Feature #8019
openmpm: support `endswith` condition to the fast pattern in hyperscan
Description
Currently, the hyperscan integration in Suricata cannot apply the endswith condition to the fast pattern.
I tested with the following rule:
```
drop dns any any -> any any (msg:"block 1001721"; dns.query; content:".com"; endswith; fast_pattern; pcre:"/^([^.]+\.)*(abc\.com|def\.com|ghi\.com)$/"; sid:1001721; rev:1;)
```
The fast pattern only checks if dns.query contains ".com" rather than checking if it ends with ".com".
Additional info and steps to reproduce:
1. `multi_tld.pcap` was generated by sending a DNS and http request to all domains in unique_tld_domains.txt file.
2. We ran the Suricata profiling using multi_tld.pcap and sample.rules.
rule_perf.log shows that the rule was checked 56 times, which is equivalent to number of domain which have `.com` as substring (`grep "\.com" pcaps/scripts/unique_tld_domains.txt | wc -l`). I would expect the check time to be only 1 check, since there is only 1 domain that ends with `.com`
Files
Updated by Victor Julien 9 days ago
- Subject changed from Include `endswith` condition to the fast pattern in hyperscan integration to mpm: support `endswith` condition to the fast pattern in hyperscan
- Status changed from New to Feedback
I don't know if we can meaningfully address this.
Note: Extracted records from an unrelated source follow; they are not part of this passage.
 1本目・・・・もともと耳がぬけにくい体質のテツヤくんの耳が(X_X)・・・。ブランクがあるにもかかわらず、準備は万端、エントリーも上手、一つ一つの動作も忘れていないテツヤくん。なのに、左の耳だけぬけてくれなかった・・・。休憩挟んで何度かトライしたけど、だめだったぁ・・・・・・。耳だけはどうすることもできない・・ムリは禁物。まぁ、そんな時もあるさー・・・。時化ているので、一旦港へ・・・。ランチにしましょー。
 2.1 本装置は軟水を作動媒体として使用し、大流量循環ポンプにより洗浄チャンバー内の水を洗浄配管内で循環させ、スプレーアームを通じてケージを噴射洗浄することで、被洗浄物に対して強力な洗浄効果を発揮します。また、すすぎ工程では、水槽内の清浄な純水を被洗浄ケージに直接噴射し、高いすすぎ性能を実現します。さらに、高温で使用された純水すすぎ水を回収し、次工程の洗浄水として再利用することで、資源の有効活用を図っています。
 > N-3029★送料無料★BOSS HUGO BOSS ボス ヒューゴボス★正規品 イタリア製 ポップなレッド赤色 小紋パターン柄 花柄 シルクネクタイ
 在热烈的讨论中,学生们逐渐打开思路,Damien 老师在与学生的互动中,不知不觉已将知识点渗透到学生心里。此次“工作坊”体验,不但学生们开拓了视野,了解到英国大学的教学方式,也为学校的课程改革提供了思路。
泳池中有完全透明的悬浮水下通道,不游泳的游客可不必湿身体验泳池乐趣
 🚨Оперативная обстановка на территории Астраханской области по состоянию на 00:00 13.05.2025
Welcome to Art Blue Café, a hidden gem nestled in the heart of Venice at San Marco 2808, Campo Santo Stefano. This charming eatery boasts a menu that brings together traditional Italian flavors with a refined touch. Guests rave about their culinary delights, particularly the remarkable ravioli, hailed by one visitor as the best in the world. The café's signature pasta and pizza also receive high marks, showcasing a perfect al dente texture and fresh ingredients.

I've experimented with this years ago but the hyperscan API doesn't provide a way to do this. So my approach was to update the patterns to go from pattern to pattern$. This was technically functional, but there was a steep performance drop. I checked this with one of the hyperscan devs at the time and they confirmed that this is not a well supported pattern.
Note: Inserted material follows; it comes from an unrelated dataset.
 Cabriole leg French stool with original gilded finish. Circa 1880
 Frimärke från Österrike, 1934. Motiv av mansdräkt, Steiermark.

Hyperscan calls the match callback just once per pattern, so we can't iterate the matches ourselves until we find the endswith one either, like we do in our ac implementations.
I do still have the patch so I can share it but I think that is a dead end.
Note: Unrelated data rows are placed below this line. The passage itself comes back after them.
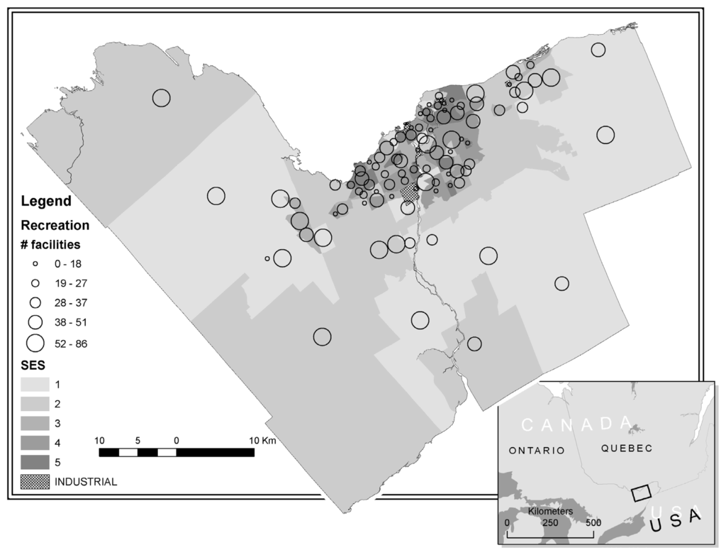 - Riva, M; Gauvin, L; Richard, L. Use of local area facilities for involvement in physical activity in Canada: Insights for developing environmental and policy interventions. Health Promot. Int 2007, 22, 227–235. [Google Scholar]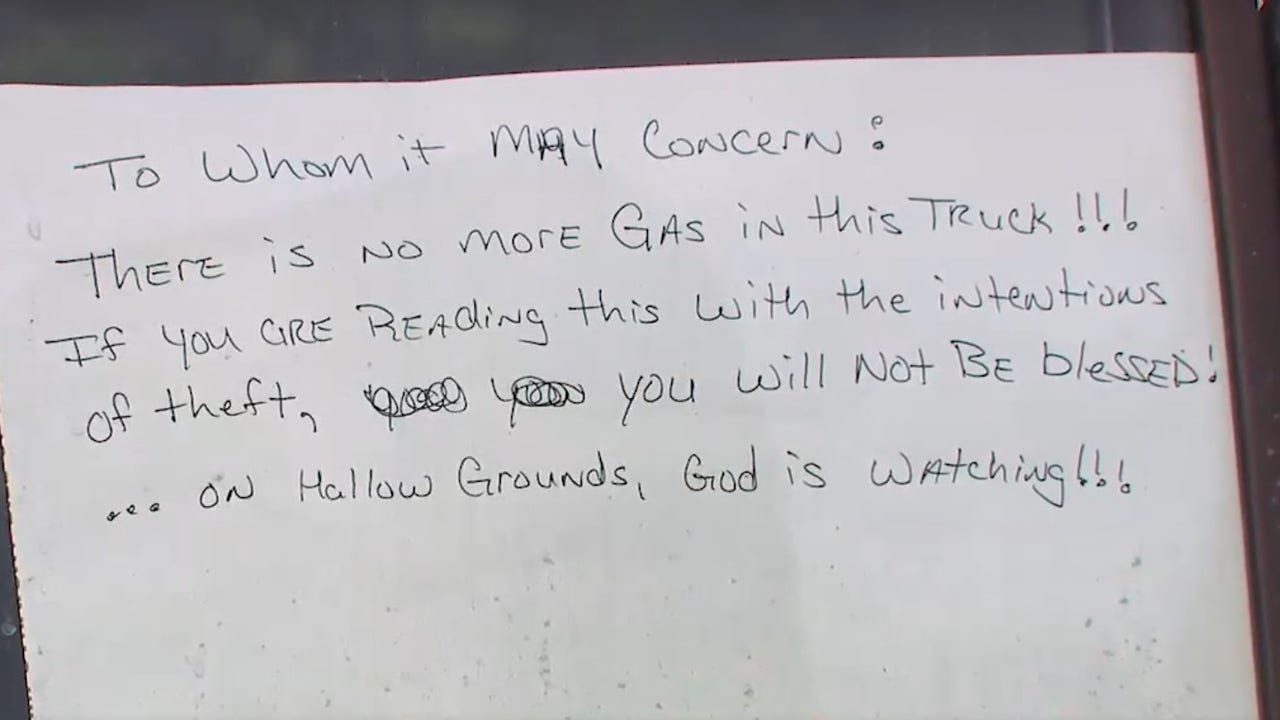 CONLEY, Ga. - A Metro Atlanta business owner is turning to faith and a firm message after thieves repeatedly siphoned gasoline from her commercial truck parked on church grounds.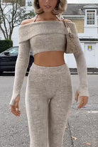 Make a statement with this contemporary off-shoulder crop top featuring long sleeves and a textured ribbed knit construction. The bardot neckline creates an instantly elegant aesthetic while the fitted design accentuates your natural curves. Crafted for versatility, this piece works beautifully as a standalone top or layered under jackets and blazers. The ribbed fabric offers gentle stretch and structure, ensuring all-day comfort without compromising on style. Whether you're dressing up for dinner or keeping it casual, this wardrobe essential delivers effortless sophistication that complements any occasion.
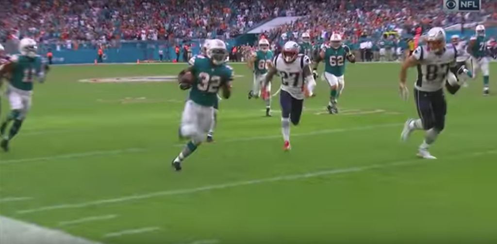 El quarterback Ryan Tanehill recibió el balón y tiró un pase al centro que fue recibido por Kenny Stills, quien a su vez lanzó de manera lateral hacia la derecha para conectar con DeVante Parker cerca del medio campo. Como si fuera un «tochito», Parker hizo otro pase al running back Kenyan Drake, quien de manera increíble esquivó a todos sus rivales y corrió 52 yardas para anotar y ganar el juego 34-33.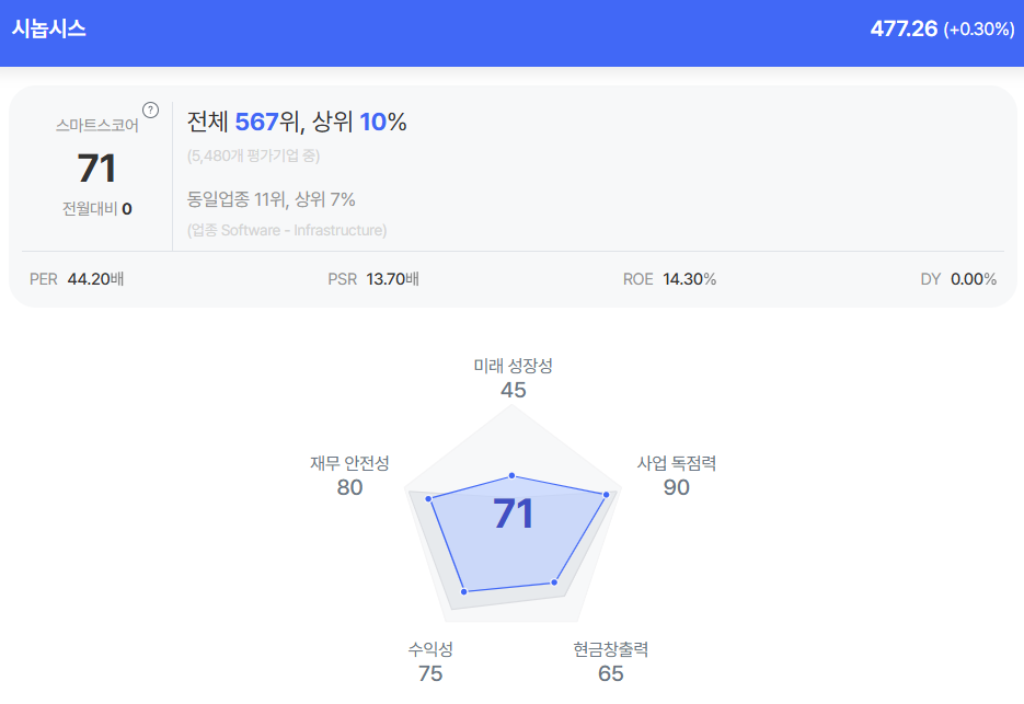 | 시놉시스 종목진단 (출처=초이스스탁) |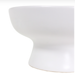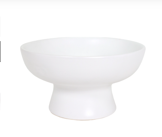 Introducing the Toba Bowl. Handcrafted from durable ceramic, this modern, minimalistic pedestal-style bowl defines sophistication and simplicity. Its pure white color is a picture of elegance that easily blends in with any home decor theme. The bowl stands at a dimension of 12D x 6.5H, making it an ideal size for side tables, centerpieces, or even coffee tables in the living room. The round shape of the Toba Bowl adds a chic modern feel to your interior design. Use it as a decorative bowl to store trinkets or simply as an embellishment on its own. The Toba Bowl – where style and functionality meet.

My experiments were in 2021, so it's possible something changed on the hyperscan side since then, but given the state of the open source hyperscan, I highly doubt it.
If avoiding the needles checks is important ac can be used. It's less performant overall, but perhaps we can add support for specifying and mpm-algo per buffer (so dns.query). If that is of interest we'll track that in a separate ticket.
Updated by Victor Julien 9 days ago
I'm attaching the WIP patch I did at the time. It shouldn't be hard to get it going with a current git tree.